TOM HARRIS nails the nationalists’ latest NHS lie 

 

It’s called “Project Fear” by the nationalists; any attempt by Better Together (aka “No Thanks”) to warn voters of some of the downsides to Scottish independence is seen as negative campaigning. Only the Yes campaign is invariably positive and life-affirming.

Apparently.

It was never true, of course. And when the much-anticipated Yes lead in the polls failed to materialise during the summer, Salmond’s campaign stopped even trying to pretend it was so. So now we have “Project Feart”. The Scottish NHS, the police and free personal care – all of them specifically devolved to the Scottish Parliament – are at risk from Westminster in the event of a No vote, we’re now told.

It’s a lie, and not even a very good one. Let’s start with the foundation of the nationalists’ claim, that the NHS in England is being privatised in order to reduce the health budget, and therefore the public spending total and, consequently, the Scottish block grant as calculated by the Barnett Formula.

First of all, the Scottish block grant is not calculated as a proportion of health spending at all; it’s based on the total amount of public spending in England. So how is this dastardly plot by the evil Tories working out? Spending must be a mere fraction of what it was when Cameron came to power, what with all that austerity since then, yes?

Well, no, actually.

Public spending in 2010/11 was £692.4 billion. This year it’s £731 billion. In 2016/17 it’s forecast to be £755.1 billion.

Ah, but surely Cameron will revert to type after next May when he wins his overall majority, and copies the slashing agenda of his political hero, the arch-monetarist, Margaret Thatcher?

Well, setting aside the fact that the Tories are flatlining in the polls at pretty much the level they’ve been at since Black Wednesday in September 1992, Thatcher’s record on public spending is not what most might think. When she arrived in office in May 1979, public spending was £93.6 billion. By the time she left in November 1990 that figure had shot up by 243 per cent (!) to £227.5 billion – a period that included a deep recession.

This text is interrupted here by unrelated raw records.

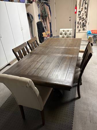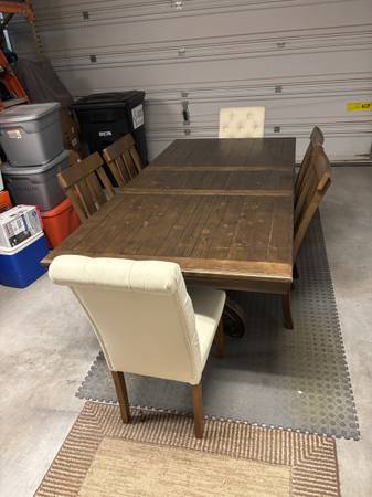 Dining Room Set, good condition. Purchased at Ashley furniture in 2019. Six chairs. Table is 42” x 86”. $700 CASH
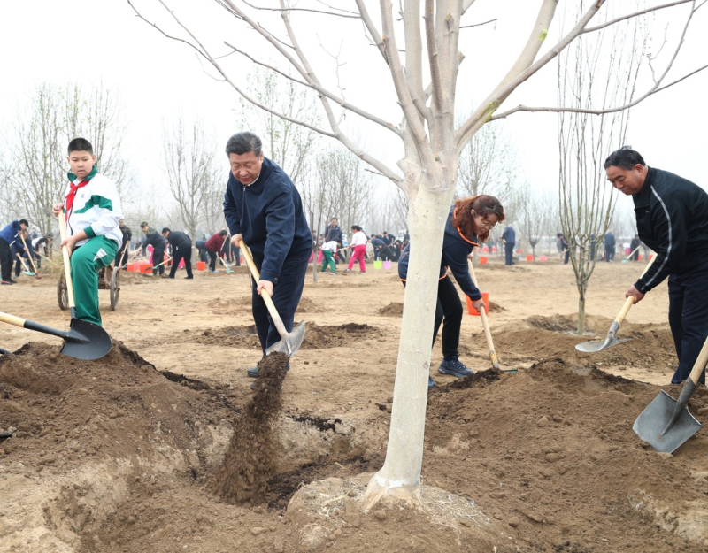 4月2日,黨和國家領(lǐng)導(dǎo)人習(xí)近平、李克強(qiáng)、栗戰(zhàn)書、汪洋、王滬寧、趙樂際、韓正、王岐山等來到北京市通州區(qū)張家灣鎮(zhèn)參加首都義務(wù)植樹活動。這是習(xí)近平同大家一起植樹。新華社記者 謝環(huán)馳 攝
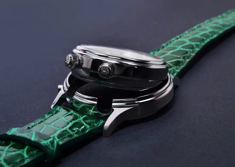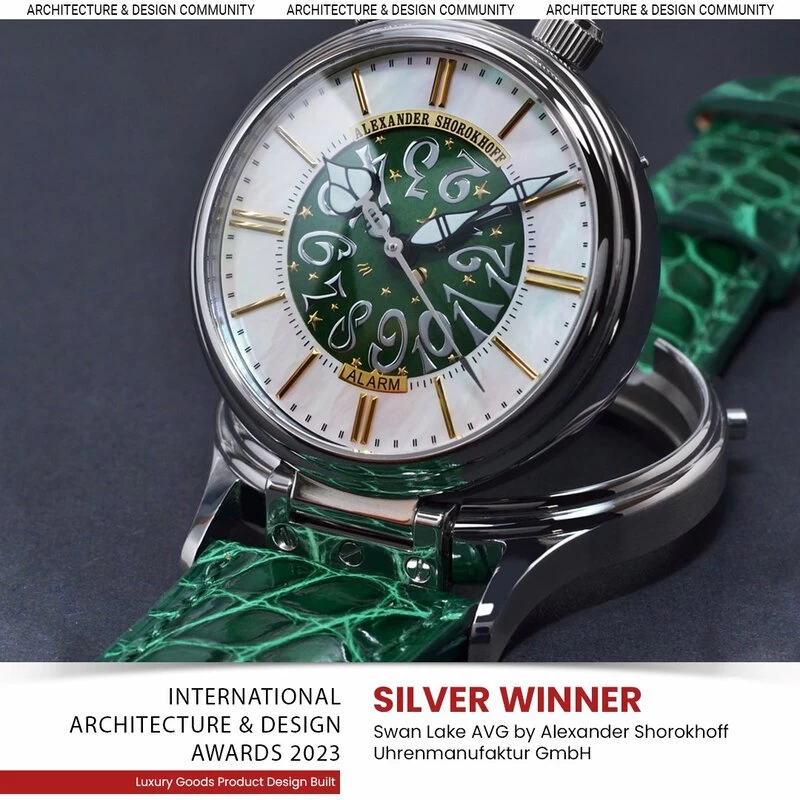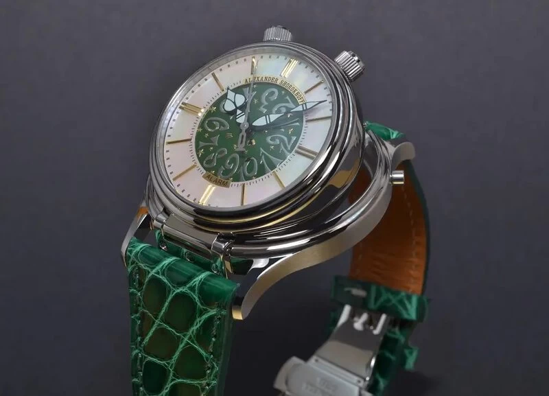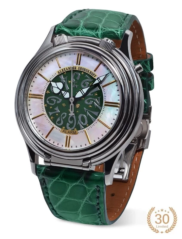 Die Zifferblätter sind in verschiedenen Ausführungen erhältlich. Der äußere Bereich des Zifferblatts der grünen Variante verkörpert mit einem hellen Perlmutt die Weichheit der Uhr, die innere Weckscheibe erstrahlt in einem satten Grün. Weitere Farben in Blau und Rot werden folgen. Die Stunden- und Minutenzeiger wurden im üblichen „Alexander Shorokhoff“-Stil mit Leuchtmasse gestaltet, um auch in der Nacht die Uhrzeit gut ablesen zu können. Die vergoldeten Stundenappliken unterstreichen die glanzvolle Uhr.

Even Thatcher didn’t achieve a reduction, partly because the economics didn’t justify it and partly because she was more focused on reducing public spending as a proportion of GDP – which also would have no effect whatsoever on the Scottish block grant. And if Thatcher couldn’t achieve it, and didn’t even want it, who can honestly claim her pale imitation in Downing Street is even going to come close?

The second lie being perpetrated by the health minister Alex Neil and the Yes campaign is that the increasing use of private companies to provide healthcare in England will lead to a reduction in the health bill. Really? The SNP are so enamoured of the principle of privatisation that they assume costs will actually go DOWN as a result of privatisation? Maybe it’s because their rail fares and energy bills have plummeted so much since privatisation. Oh, wait…

And thirdly, English voters, being a right wing homogenised lump, are not just relaxed about the privatisation of their NHS, they’re positively cheering it on. You know, because they’re so right wing. Unlike all Scots, who are all left wing…

What a pity they didn’t bother to look at the many polls that show that even English Conservative voters want the NHS to remain in public hands. No government at Westminster could possibly survive if it privatised the health service.

And that’s setting aside the fact that in Scotland, Alex Neil himself has presided over a massive increase in the work being done for the NHS by private companies. I do not criticise him for that – patients need to be treated, free at the point of use, at the earliest opportunity, and if the only way of achieving that when the NHS is under pressure is to use private contractors, fine.

But the allegation that somehow a service that is wholly devolved, and is dependent on an inevitably increasing block grant, is somehow under threat if we remain in the UK, is a lie, pure and simple.

And then, just to add that extra bit of farce (to the musical accompaniment of tuba and swanee kazoo), in walks the First Minister with his latest bit of inspiration: he’ll include, in the constitution he’s kindly agreed to write for us, a guarantee that the Scottish NHS will remain in public hands.

Think about that for a moment: a man whose party thinks we need independence because we’re all so much more left wing than the rest of Britain believes, nevertheless, that the NHS needs to be protected from that same electorate in the event of its choosing a government so right wing that it would seek to privatise the health service! Come on, Eck! Have a bit more faith is us than that!

So here’s a question for every SNP MSP hoping to stand for Holyrood in 2016: if there’s a No vote on September 18, will you stick to your view that privatisation of our NHS is inevitable, and that another SNP administration in the devolved Scottish Parliament can do nothing to prevent it?

 Tom Harris is the MP for Glasgow South. He’s considering voting No.